Eventually Bray emerged alone and—but for his own lecture—empty-handed. Harris bit back the keenest disappointment. Having just taken a short turn to keep warm, he hastened towards the clergyman through the mist. Might not his tailcoat pocket contain a few pages from Theresa at least? A line even in her hand? Impossible to imagine that Bray had spent so many hours in the convent without seeing her.

“Mr. Bray—”

Bray halted all questions with a raised hand and looked back towards the Grey Nuns' door, which was still open. Presumably after some parting words with the portress, Theresa herself stepped out.

Seeing her made the dank air summer sweet. Although thinner than nine days ago, indeed painfully thin, she greeted Harris with a smile from the heart. He felt his own face kindle at her flame. She wore the same plain gown and white bonnet as when she had entered the convent, and she carried a roll of papers she declined to let Bray relieve her of.

“Isaac, did you send me Mr. Bray?” she asked cheerfully.

Bray sniffed at the suggestion of having been sent.

“I approached him, yes,” Harris managed to say, his pulse racing with coffee and emotion. Her presence in any form enraptured him. “Are you well?”

“Well enough,” said Theresa. “I didn't recognize Papa's old friend at first, nor he me, but I remembered Mr. Bray's preaching when I heard his voice. My father valued your support, Mr. Bray, on the disposition of the Clergy Reserves.”


Tempus fugit
,” said Bray. “Let's be off.”

He takes no pains to appear congenial, thought Harris, recalling that at the college the priest had chosen to speak of his disagreements with William Sheridan rather than of shared causes and common ground. Now he took two or three steps west on Foundling Street and beckoned Theresa irritably. She did not follow immediately, but when she spoke again sounded wearied, as if by a long and uncertain purgatory.

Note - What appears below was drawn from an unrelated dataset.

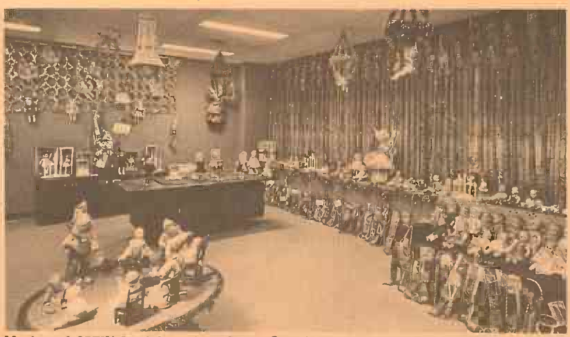
Members of OPEIU Local 2, employed by the Operating Engineers, the Operative Plasterers and the Roofers International unions, assembled this roomful of dolls and gifts and donated them to the Salvation Army for distribution to needy children in Washington, D. C., at Christmas.

Altogether, the labor press comes out with the highest batting average for accuracy and credibility of all the mass media studied in the survey.

“Mr. Bray has offered to let me stay with him and his family. That's best, Isaac, I think. We don't know what Henry may do.”

“A great improvement,” said Harris, giving her his arm. Whatever his misgivings about such a berth, his first task was to remove her from the doorstep of the convent now famous for sheltering her. “Where to?”

“St. Peter Street to Craig,” said Bray. “Your company is not required.”

“It's freely given.” Harris walked north with them on the fog-filled street indicated, keeping himself between Theresa and the carters driving blind.